▸ **EXERCISE OBJECTIVE**: All entries are to be copied verbatim, while the pictures stay out.
[[ INFORMATION SUPPLIED open ]]
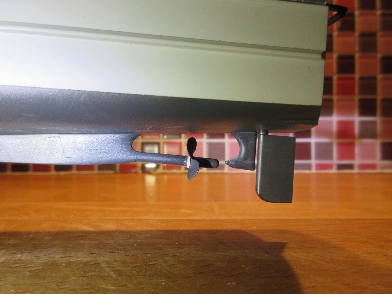 Středová hřídel předlohy je v oblasti špičky lodního šroubu ukotvena kozlíkem ke dnu člunu a hned za kozlíkem se nachází kormidlo. V modelovém měřítku je však toto řešení dost problematické, a abych se vyhnul komplikacím, rozhodl jsem se aplikovat standardní trubičkové pouzdro po celé délce hřídele s ložiskem těsně před šroubem. Vně trupu je tedy celá hřídel zapouzdřena, což brání jejímu nežádoucímu rozkmitání. Po prvních plavebních zkouškách jsem také zvětšil kormidlo o cca 20 % směrem dolů. Více je pochopitelné spíše z fotek.
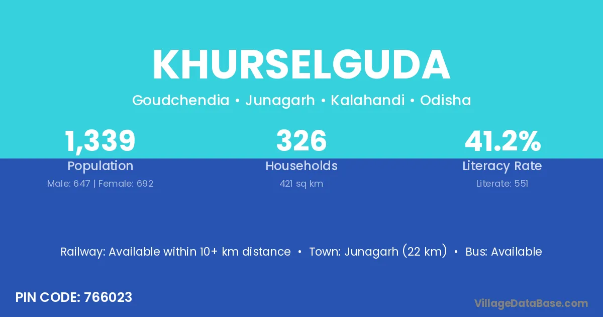 Junagarh (22 km) is the nearest town to Khurselguda village for major economic activities and is located approximately 22 km away.
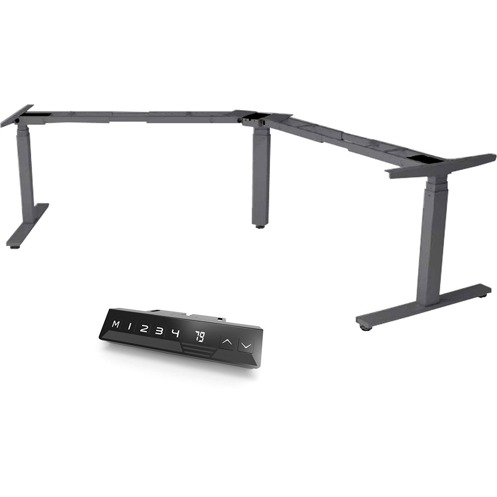 Frame Size: 1000-1800W x 1000-1800W x 700D x 700-1200mmH. Depth is including legs - actual desk top frame depth is 575mm. Suits top size from 1000 -1800mmW. Minimum depth of the desktop recommended is 600mm. 25mm thick table top is recommended. Heavy duty steel construction ensuring increased stability. Easy to use 4 stage memory storage height. Auto stop function. Load capacity: 1500N, maximum lift capacity is 150kg, speed at full load: 35mm/S. All adjustments for the height are infinitely locking. Solid steel frame construction with a powder coated finish. 3 motors. Some assembly required. AFRDI approved. 5 Year Manufacturer's Warranty On Electrical Components. 10 Year Manufacturer's Warranty On Table Frame. Delivery, installation and assembly charges may apply to furniture. Please enquire to confirm.
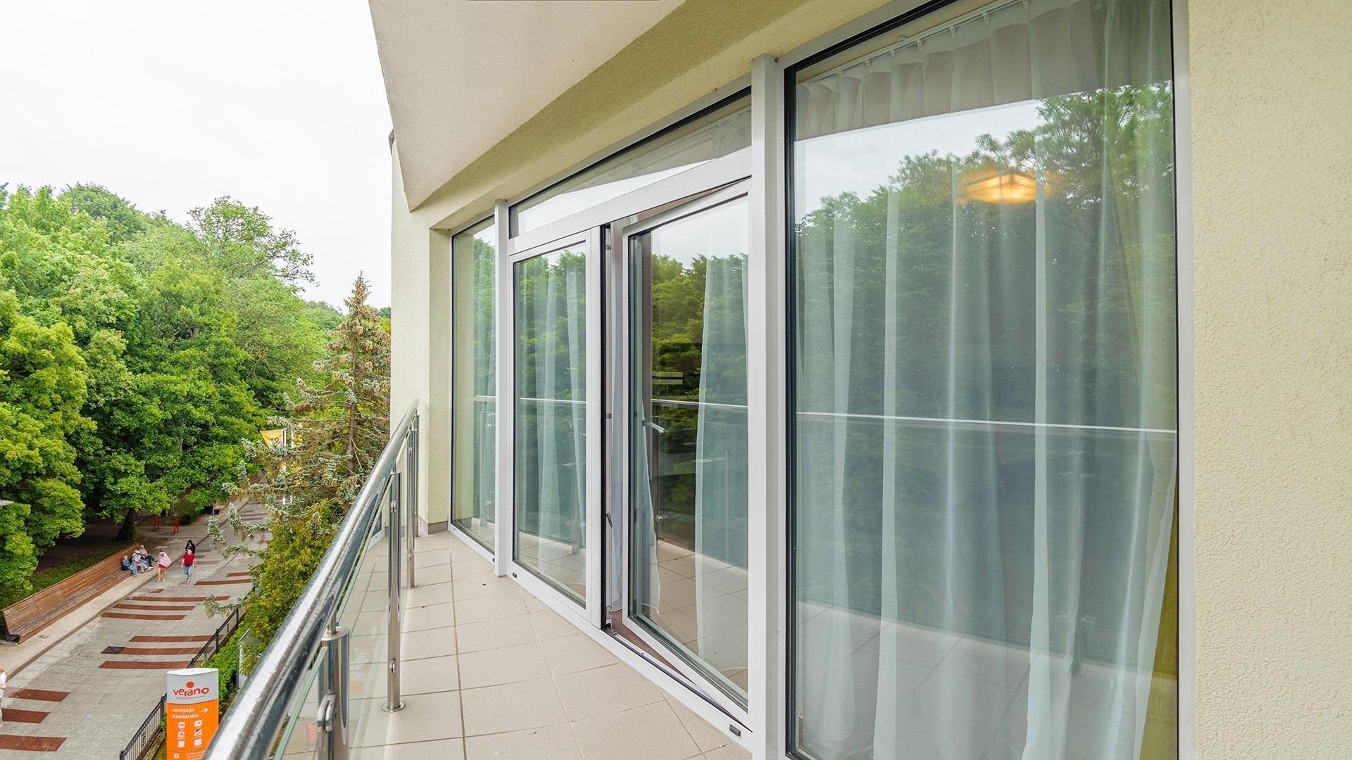 Die Unterkunft liegt in kurzer Entfernung zum Strand, direkt an der Promenade. Die Umgebung ist grün und ruhig. Das Gebäude befindet sich direkt am Küstenpark. In der Nähe gibt es zahlreiche Restaurants, Pubs und Geschäfte. Vor Ort gibt es ein Café sowie einen Kinderspielplatz. Die Gäste können gegen Gebühr das Solebad und SPA-Anwendungen nutzen. Die Unterkunft bietet auch eine breite Palette an Kurbehandlungen, und es gibt kostenpflichtige Parkplätze (Parkplatzreservierung an der Hotelrezeption möglich).
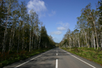 まっすぐに続く白樺の道。
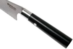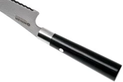 Este cuchillo de pan Böker Damast Black tiene las típicas estrías y la larga hoja que se espera de un cuchillo de pan de calidad. Obviamente, es ideal para cortar el pan, pero también puede utilizarse para productos con un exterior duro, como la piña o la col.
[[ INFORMATION SUPPLIED closed ]]
▸ **ANSWER TO THIS PROBLEM**:
 Středová hřídel předlohy je v oblasti špičky lodního šroubu ukotvena kozlíkem ke dnu člunu a hned za kozlíkem se nachází kormidlo. V modelovém měřítku je však toto řešení dost problematické, a abych se vyhnul komplikacím, rozhodl jsem se aplikovat standardní trubičkové pouzdro po celé délce hřídele s ložiskem těsně před šroubem. Vně trupu je tedy celá hřídel zapouzdřena, což brání jejímu nežádoucímu rozkmitání. Po prvních plavebních zkouškách jsem také zvětšil kormidlo o cca 20 % směrem dolů. Více je pochopitelné spíše z fotek.
 Junagarh (22 km) is the nearest town to Khurselguda village for major economic activities and is located approximately 22 km away.
 Frame Size: 1000-1800W x 1000-1800W x 700D x 700-1200mmH. Depth is including legs - actual desk top frame depth is 575mm. Suits top size from 1000 -1800mmW. Minimum depth of the desktop recommended is 600mm. 25mm thick table top is recommended. Heavy duty steel construction ensuring increased stability. Easy to use 4 stage memory storage height. Auto stop function. Load capacity: 1500N, maximum lift capacity is 150kg, speed at full load: 35mm/S. All adjustments for the height are infinitely locking. Solid steel frame construction with a powder coated finish. 3 motors. Some assembly required. AFRDI approved. 5 Year Manufacturer's Warranty On Electrical Components. 10 Year Manufacturer's Warranty On Table Frame. Delivery, installation and assembly charges may apply to furniture. Please enquire to confirm.
 Die Unterkunft liegt in kurzer Entfernung zum Strand, direkt an der Promenade. Die Umgebung ist grün und ruhig. Das Gebäude befindet sich direkt am Küstenpark. In der Nähe gibt es zahlreiche Restaurants, Pubs und Geschäfte. Vor Ort gibt es ein Café sowie einen Kinderspielplatz. Die Gäste können gegen Gebühr das Solebad und SPA-Anwendungen nutzen. Die Unterkunft bietet auch eine breite Palette an Kurbehandlungen, und es gibt kostenpflichtige Parkplätze (Parkplatzreservierung an der Hotelrezeption möglich).
 まっすぐに続く白樺の道。
 Este cuchillo de pan Böker Damast Black tiene las típicas estrías y la larga hoja que se espera de un cuchillo de pan de calidad. Obviamente, es ideal para cortar el pan, pero también puede utilizarse para productos con un exterior duro, como la piña o la col.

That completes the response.